Left Thursday late afternoon and headed for the spur. Had Craig Martin, Shane Martin, and Adam Weekly aboard. Plan was to swordfish Thursday night and troll the next day. With calm seas we made it to the spur much sooner than expected. We trolled south and found a nice rip approximately 5 miles se of the spur. One of the best rips I've seen in a long time. Major current, color change, and bait galore. As soon as we hit the rip it was on like donkey kong. It was a Mahi festival. I couldn't keep a line in the water. 10-15 pound super chickens pouncing. We shook off several superchickens and put three nice fish in the boat. Two bulls and one large cow. Dark descended upon us and we put out the spread. No sword bites overnight. Wind was pushing us too fast. Woke up next morning and the rip had dissolved into nothing more than a few patties and scatter grass. Worked the area hoping the rip would re-form. Never happened. We did have three shots at those pesky white marlin. Enjoyed listening to Blueprints and crew of Blue Marlana each catching a blue marlin. On the way in had water in the fuel. 60nm at 8knts was a painful ride in. Appreciate crew of Marlana relaying sat phone message and Blueprints for bring in Craig Martin who was scheduled to weigh fish at the wharf tourney. 










Adam with cow. 










Adam with bull


----------



## Downtime2 (Sep 27, 2007)

Good on the fish! Bad on the gas.. Glad ya'll made it in safe...


----------



## cobe killer (Apr 13, 2008)

sounds like ya'll had a great time anyway!


----------



## horse sense (Oct 4, 2007)

*spur trip*

Keith and Craig,

Thanks for letting Adam in for the fun. I think it is has been the trip of the summer for him so far. He learned a lot and had a blast. He is already planning another trip. Hope you get he boat fixed soon. 

Keith


----------



## Xiphius (Oct 10, 2007)

Keith your son is great to be with (except his curse on motors), enjoyable 36 hours too bad the push we caught all the fish on Thursday dissolved and we missed all the bites on Friday. Good trip overall. the motor issue turns out to be a fuel water seperator under the cowling...so hopefully an easy fix.
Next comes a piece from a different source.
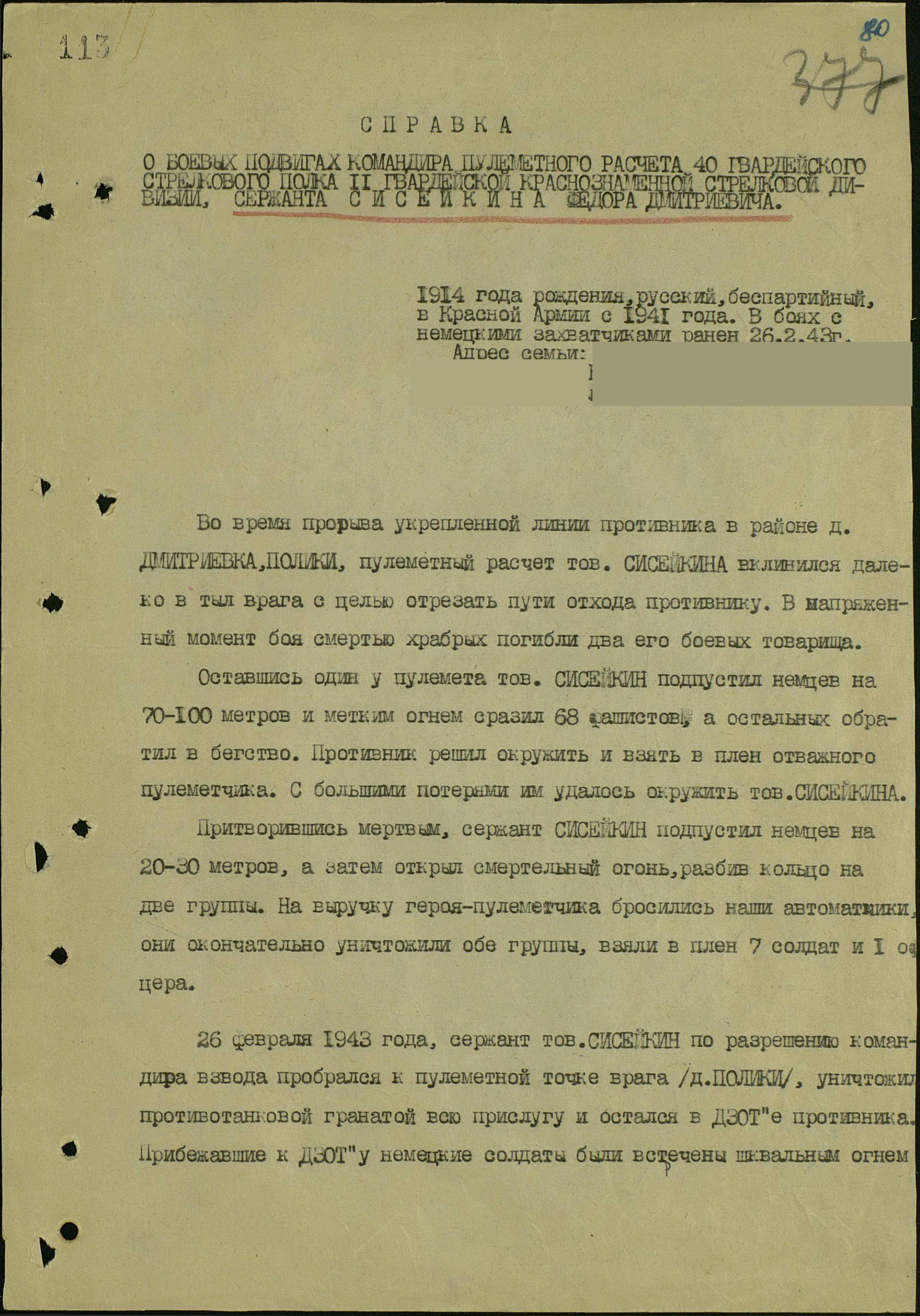 Помощь очень кстати подоспела. Но Сисейкин лежал уже без сознания, уткнувшись окровавленным телом в продырявленный кожух пулемёта. Вокруг валялись вражьи трупы... 68 трупов.
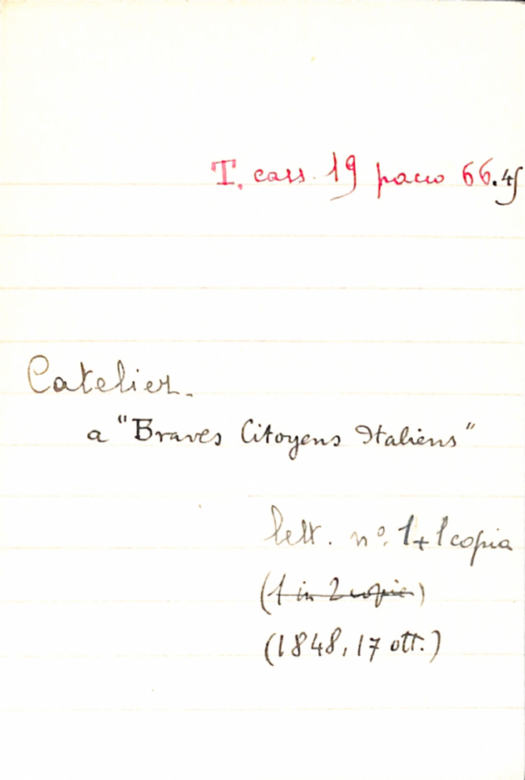 Fascicolo Catelier a "Braves Citoyens Italiens"

Lets catch em up!


----------



## Joerob5 (Feb 5, 2010)

Nice Bull!


----------



## MrFish (Aug 21, 2009)

Nice fish!


----------



## gmoney (Oct 3, 2007)

Were you using a chute at night to slow the drift? Sure you were just asking.


----------



## DISANTO (Oct 1, 2007)

Great trip! Thanks again for calling me into the rip. that type of sportsmanship seems to be exceedingly rare these days. I hope to repay the favor many times over.


----------